**Task to complete:**
Your answer should consist only of the records, copied exactly, with the images removed.

(Stored entries)
• • •
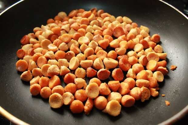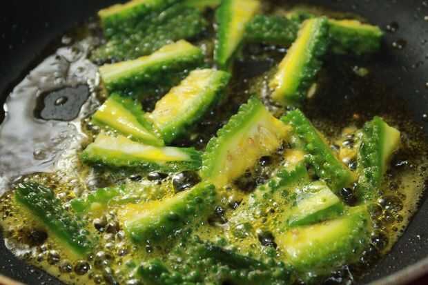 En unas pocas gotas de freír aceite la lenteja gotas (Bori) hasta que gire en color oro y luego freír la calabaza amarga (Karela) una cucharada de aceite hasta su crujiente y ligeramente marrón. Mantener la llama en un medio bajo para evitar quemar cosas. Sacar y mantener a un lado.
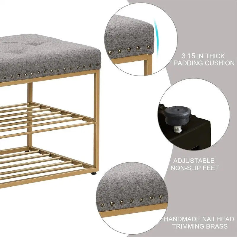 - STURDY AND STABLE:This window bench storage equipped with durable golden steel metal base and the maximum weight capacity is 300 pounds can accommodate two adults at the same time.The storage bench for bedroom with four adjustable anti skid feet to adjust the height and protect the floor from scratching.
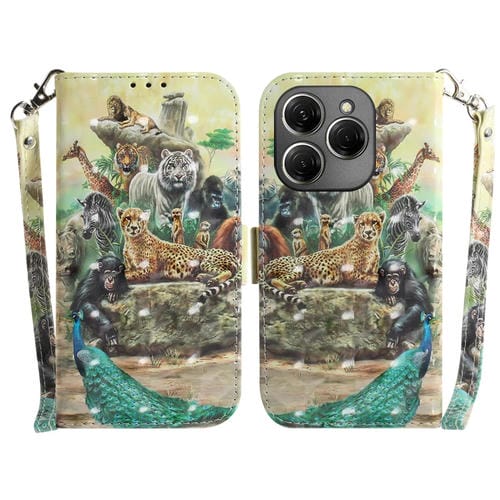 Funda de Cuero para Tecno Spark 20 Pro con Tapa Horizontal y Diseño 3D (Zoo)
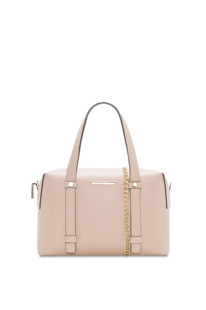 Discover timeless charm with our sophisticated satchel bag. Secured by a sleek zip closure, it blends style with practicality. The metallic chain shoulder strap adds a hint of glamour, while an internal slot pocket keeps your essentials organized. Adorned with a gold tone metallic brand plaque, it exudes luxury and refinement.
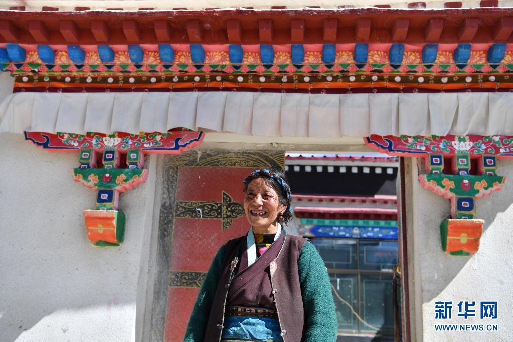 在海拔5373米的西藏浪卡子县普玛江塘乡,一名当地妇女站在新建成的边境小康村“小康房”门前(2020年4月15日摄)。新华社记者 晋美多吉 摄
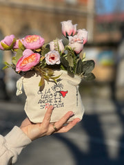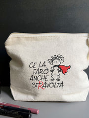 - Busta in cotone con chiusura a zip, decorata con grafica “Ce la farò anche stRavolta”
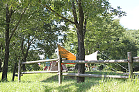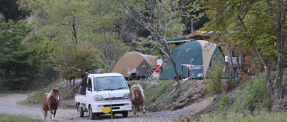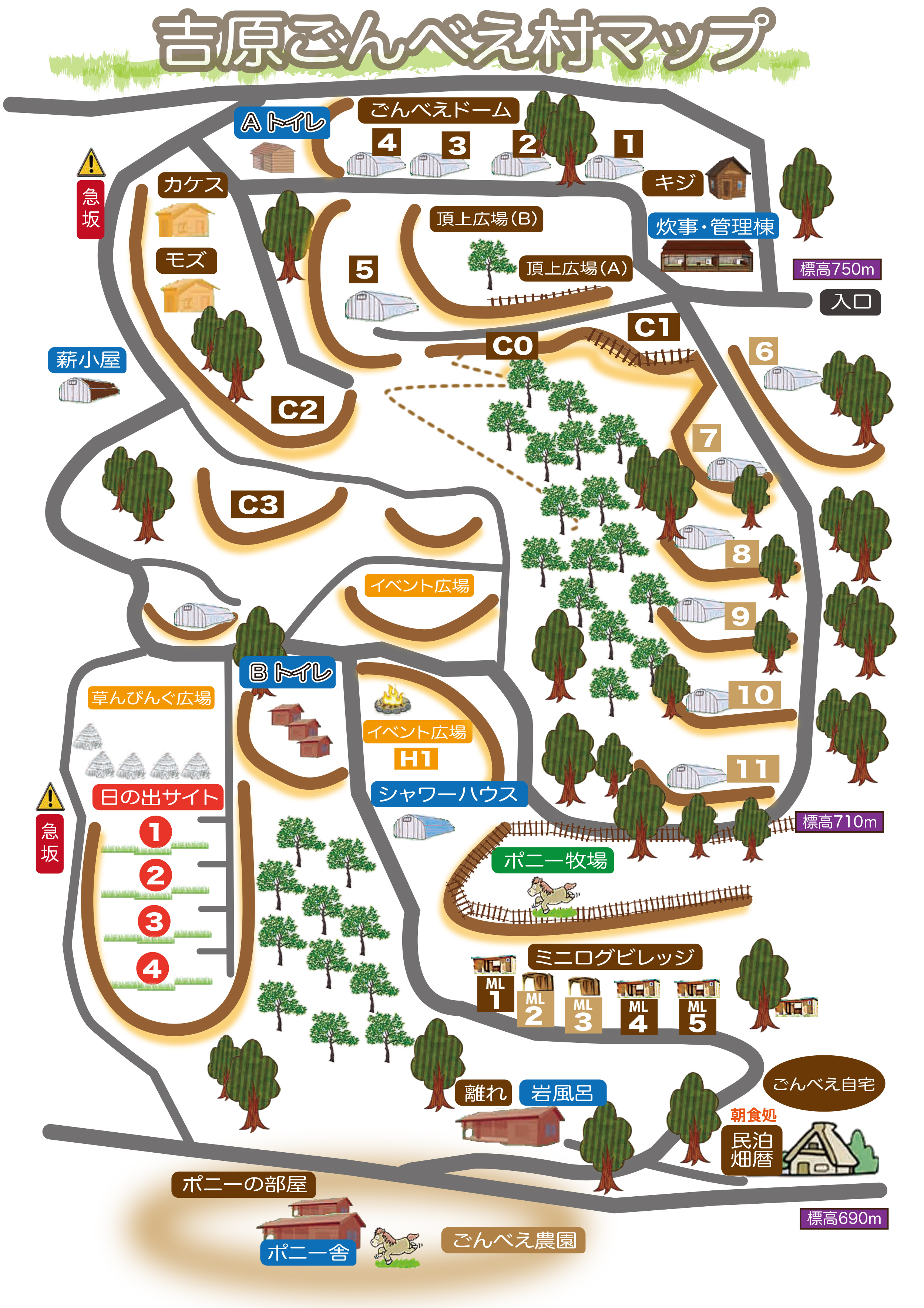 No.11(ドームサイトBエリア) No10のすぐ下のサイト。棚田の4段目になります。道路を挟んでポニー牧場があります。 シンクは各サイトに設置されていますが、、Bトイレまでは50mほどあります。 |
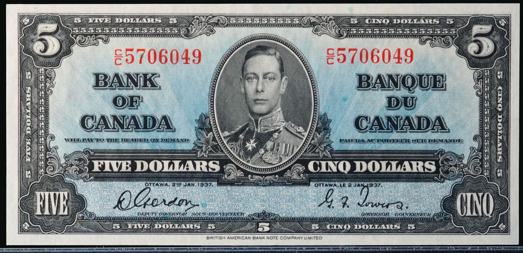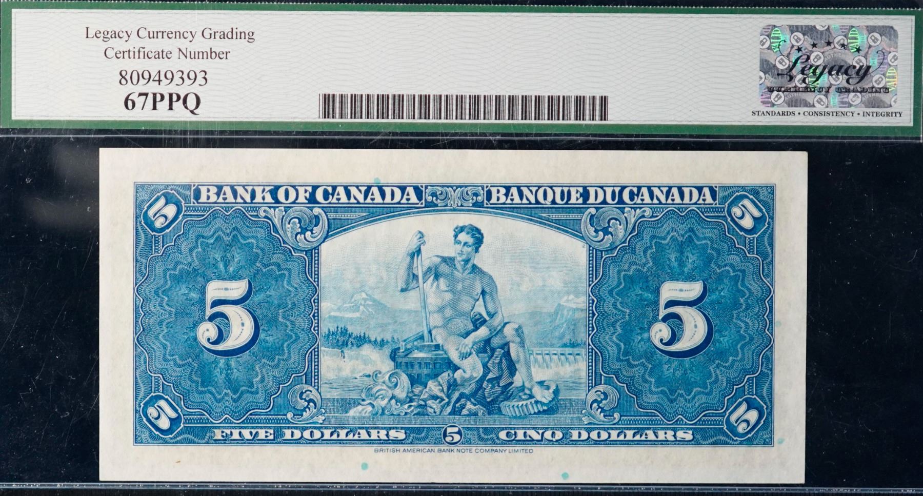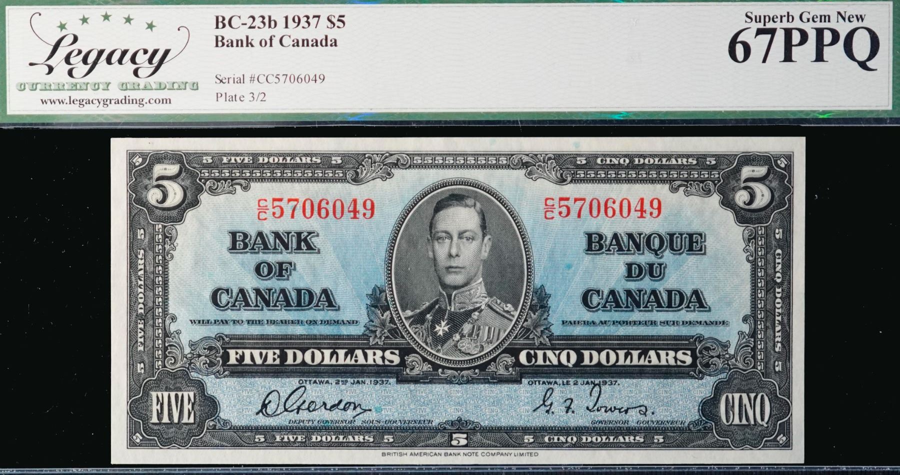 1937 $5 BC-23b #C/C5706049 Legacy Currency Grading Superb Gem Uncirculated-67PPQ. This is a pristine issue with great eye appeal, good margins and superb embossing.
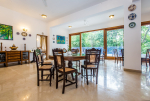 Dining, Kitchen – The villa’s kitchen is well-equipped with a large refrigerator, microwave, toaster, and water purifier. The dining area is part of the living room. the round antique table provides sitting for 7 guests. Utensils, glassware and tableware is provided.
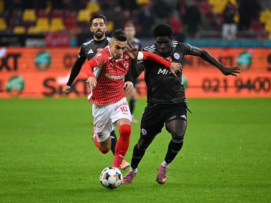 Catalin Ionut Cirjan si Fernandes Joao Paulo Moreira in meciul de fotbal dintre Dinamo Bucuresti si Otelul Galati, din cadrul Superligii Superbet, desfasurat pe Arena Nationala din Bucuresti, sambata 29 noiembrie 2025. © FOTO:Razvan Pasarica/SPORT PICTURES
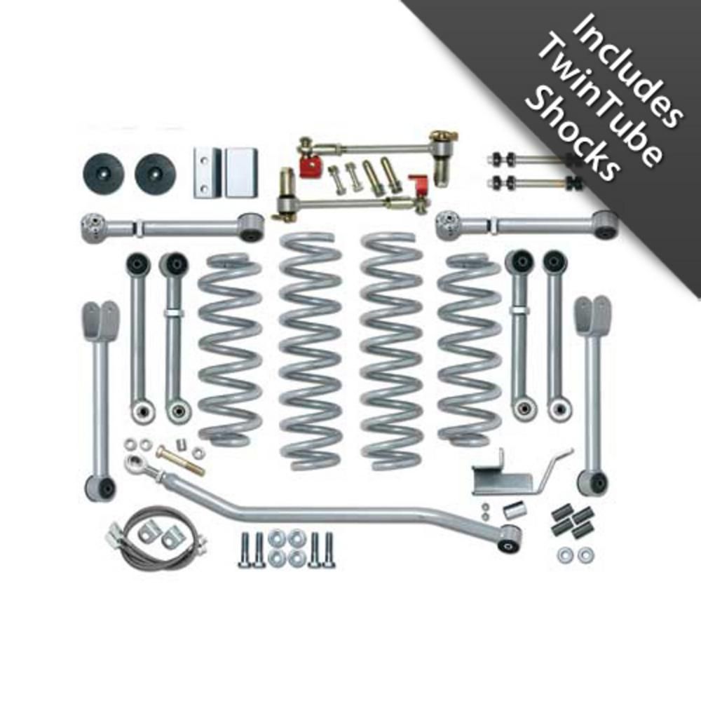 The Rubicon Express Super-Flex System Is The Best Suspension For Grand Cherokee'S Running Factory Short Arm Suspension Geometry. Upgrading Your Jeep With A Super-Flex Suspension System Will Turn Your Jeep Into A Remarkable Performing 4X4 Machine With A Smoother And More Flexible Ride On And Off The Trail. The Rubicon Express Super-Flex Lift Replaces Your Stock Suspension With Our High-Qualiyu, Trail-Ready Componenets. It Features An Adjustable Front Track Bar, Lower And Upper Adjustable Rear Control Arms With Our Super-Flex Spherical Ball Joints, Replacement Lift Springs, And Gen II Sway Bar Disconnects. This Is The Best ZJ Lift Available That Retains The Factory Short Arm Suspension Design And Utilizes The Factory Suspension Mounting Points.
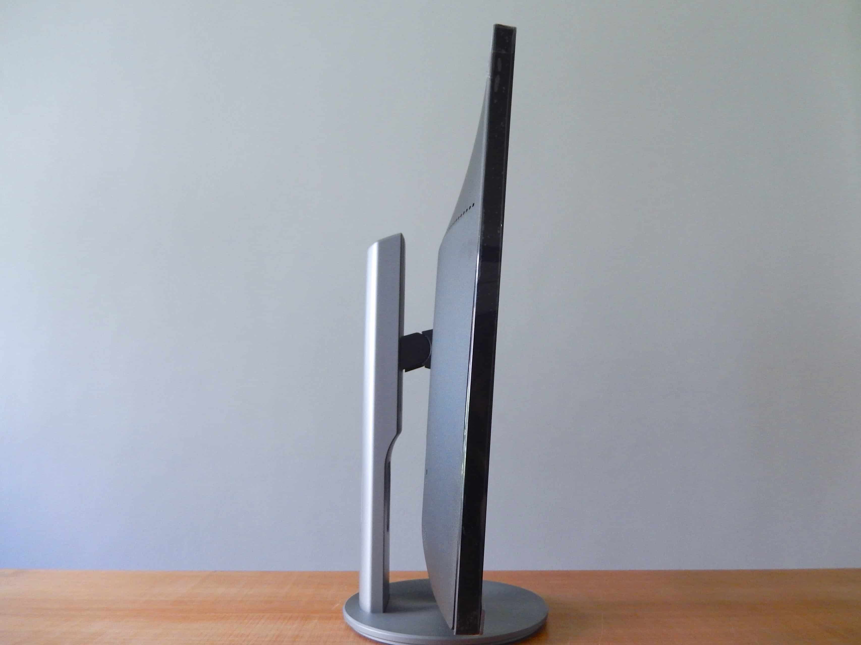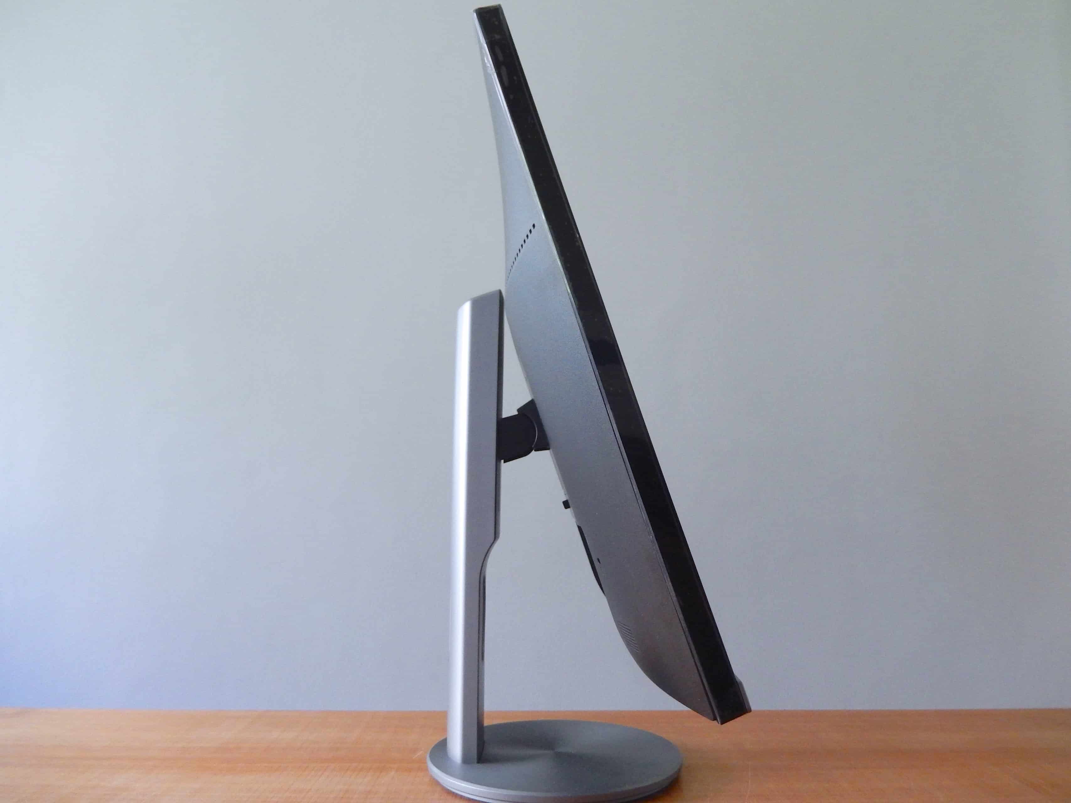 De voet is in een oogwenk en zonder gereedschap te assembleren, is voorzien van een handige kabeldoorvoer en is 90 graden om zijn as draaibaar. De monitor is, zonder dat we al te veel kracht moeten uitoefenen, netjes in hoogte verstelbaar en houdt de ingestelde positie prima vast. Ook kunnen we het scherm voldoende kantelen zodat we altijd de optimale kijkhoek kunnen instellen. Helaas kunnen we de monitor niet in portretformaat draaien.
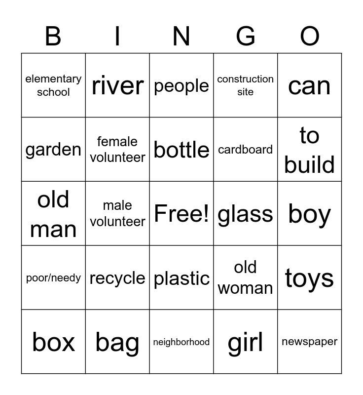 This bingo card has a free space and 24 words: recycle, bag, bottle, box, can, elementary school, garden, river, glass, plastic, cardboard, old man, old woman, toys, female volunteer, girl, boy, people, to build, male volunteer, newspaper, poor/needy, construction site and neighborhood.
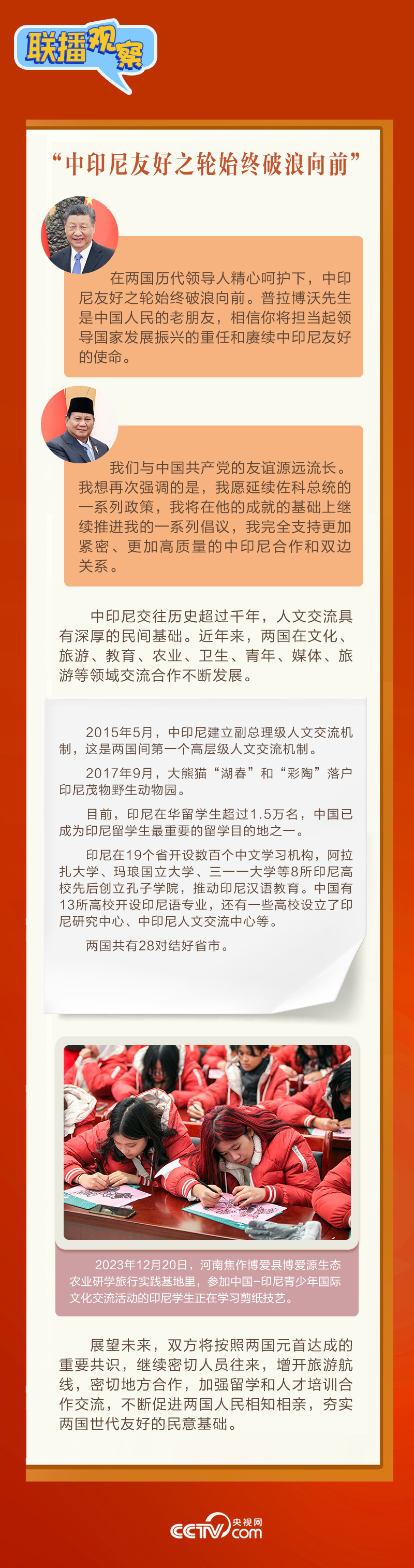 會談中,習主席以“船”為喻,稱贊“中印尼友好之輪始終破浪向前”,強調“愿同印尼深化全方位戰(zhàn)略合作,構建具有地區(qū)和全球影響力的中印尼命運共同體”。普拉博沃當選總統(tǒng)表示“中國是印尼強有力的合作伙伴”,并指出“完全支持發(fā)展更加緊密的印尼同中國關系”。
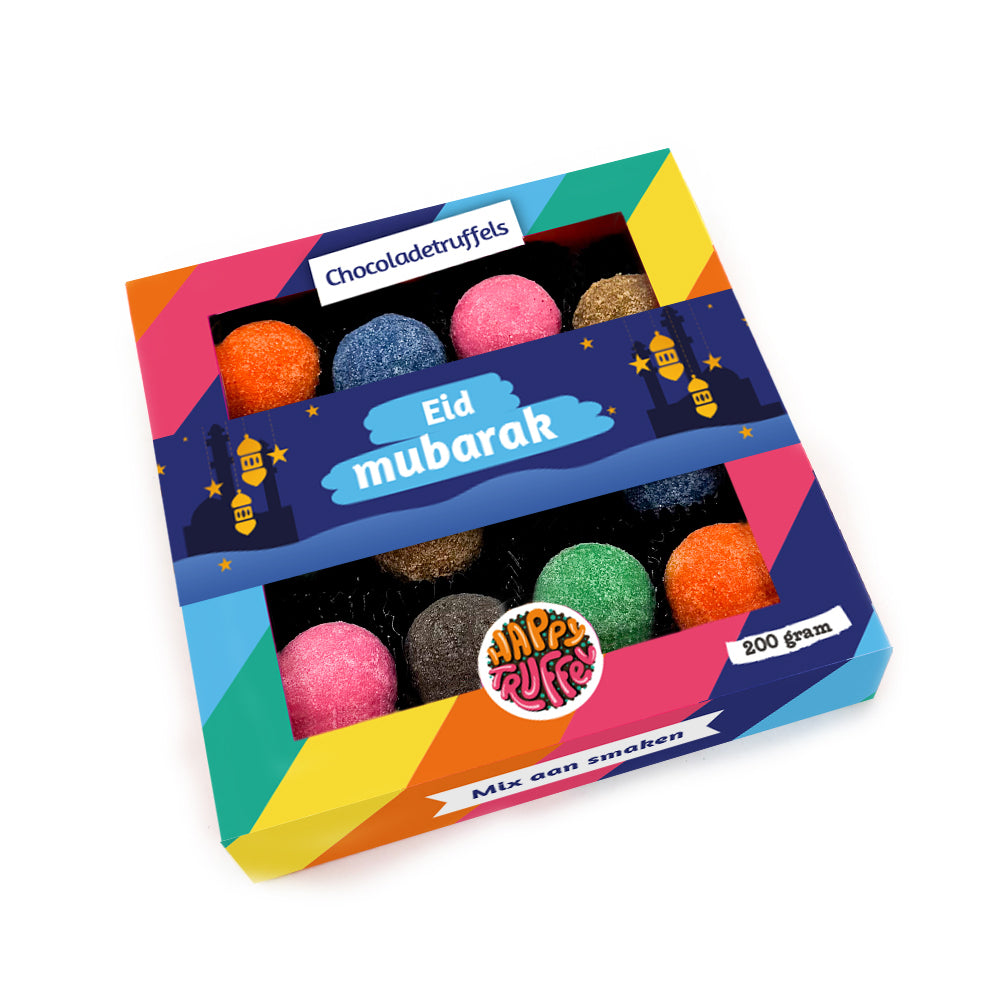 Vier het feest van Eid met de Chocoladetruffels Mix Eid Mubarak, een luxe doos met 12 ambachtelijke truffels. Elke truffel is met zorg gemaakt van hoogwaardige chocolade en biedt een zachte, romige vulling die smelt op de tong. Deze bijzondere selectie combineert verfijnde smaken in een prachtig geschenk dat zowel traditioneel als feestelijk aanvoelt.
• • •
**Task output:**
 En unas pocas gotas de freír aceite la lenteja gotas (Bori) hasta que gire en color oro y luego freír la calabaza amarga (Karela) una cucharada de aceite hasta su crujiente y ligeramente marrón. Mantener la llama en un medio bajo para evitar quemar cosas. Sacar y mantener a un lado.
 - STURDY AND STABLE:This window bench storage equipped with durable golden steel metal base and the maximum weight capacity is 300 pounds can accommodate two adults at the same time.The storage bench for bedroom with four adjustable anti skid feet to adjust the height and protect the floor from scratching.
 Funda de Cuero para Tecno Spark 20 Pro con Tapa Horizontal y Diseño 3D (Zoo)
 Discover timeless charm with our sophisticated satchel bag. Secured by a sleek zip closure, it blends style with practicality. The metallic chain shoulder strap adds a hint of glamour, while an internal slot pocket keeps your essentials organized. Adorned with a gold tone metallic brand plaque, it exudes luxury and refinement.
 在海拔5373米的西藏浪卡子县普玛江塘乡,一名当地妇女站在新建成的边境小康村“小康房”门前(2020年4月15日摄)。新华社记者 晋美多吉 摄
 - Busta in cotone con chiusura a zip, decorata con grafica “Ce la farò anche stRavolta”
 No.11(ドームサイトBエリア) No10のすぐ下のサイト。棚田の4段目になります。道路を挟んでポニー牧場があります。 シンクは各サイトに設置されていますが、、Bトイレまでは50mほどあります。 |
 1937 $5 BC-23b #C/C5706049 Legacy Currency Grading Superb Gem Uncirculated-67PPQ. This is a pristine issue with great eye appeal, good margins and superb embossing.
 Dining, Kitchen – The villa’s kitchen is well-equipped with a large refrigerator, microwave, toaster, and water purifier. The dining area is part of the living room. the round antique table provides sitting for 7 guests. Utensils, glassware and tableware is provided.
 Catalin Ionut Cirjan si Fernandes Joao Paulo Moreira in meciul de fotbal dintre Dinamo Bucuresti si Otelul Galati, din cadrul Superligii Superbet, desfasurat pe Arena Nationala din Bucuresti, sambata 29 noiembrie 2025. © FOTO:Razvan Pasarica/SPORT PICTURES
 The Rubicon Express Super-Flex System Is The Best Suspension For Grand Cherokee'S Running Factory Short Arm Suspension Geometry. Upgrading Your Jeep With A Super-Flex Suspension System Will Turn Your Jeep Into A Remarkable Performing 4X4 Machine With A Smoother And More Flexible Ride On And Off The Trail. The Rubicon Express Super-Flex Lift Replaces Your Stock Suspension With Our High-Qualiyu, Trail-Ready Componenets. It Features An Adjustable Front Track Bar, Lower And Upper Adjustable Rear Control Arms With Our Super-Flex Spherical Ball Joints, Replacement Lift Springs, And Gen II Sway Bar Disconnects. This Is The Best ZJ Lift Available That Retains The Factory Short Arm Suspension Design And Utilizes The Factory Suspension Mounting Points.
 De voet is in een oogwenk en zonder gereedschap te assembleren, is voorzien van een handige kabeldoorvoer en is 90 graden om zijn as draaibaar. De monitor is, zonder dat we al te veel kracht moeten uitoefenen, netjes in hoogte verstelbaar en houdt de ingestelde positie prima vast. Ook kunnen we het scherm voldoende kantelen zodat we altijd de optimale kijkhoek kunnen instellen. Helaas kunnen we de monitor niet in portretformaat draaien.
 This bingo card has a free space and 24 words: recycle, bag, bottle, box, can, elementary school, garden, river, glass, plastic, cardboard, old man, old woman, toys, female volunteer, girl, boy, people, to build, male volunteer, newspaper, poor/needy, construction site and neighborhood.
 會談中,習主席以“船”為喻,稱贊“中印尼友好之輪始終破浪向前”,強調“愿同印尼深化全方位戰(zhàn)略合作,構建具有地區(qū)和全球影響力的中印尼命運共同體”。普拉博沃當選總統(tǒng)表示“中國是印尼強有力的合作伙伴”,并指出“完全支持發(fā)展更加緊密的印尼同中國關系”。
 Vier het feest van Eid met de Chocoladetruffels Mix Eid Mubarak, een luxe doos met 12 ambachtelijke truffels. Elke truffel is met zorg gemaakt van hoogwaardige chocolade en biedt een zachte, romige vulling die smelt op de tong. Deze bijzondere selectie combineert verfijnde smaken in een prachtig geschenk dat zowel traditioneel als feestelijk aanvoelt.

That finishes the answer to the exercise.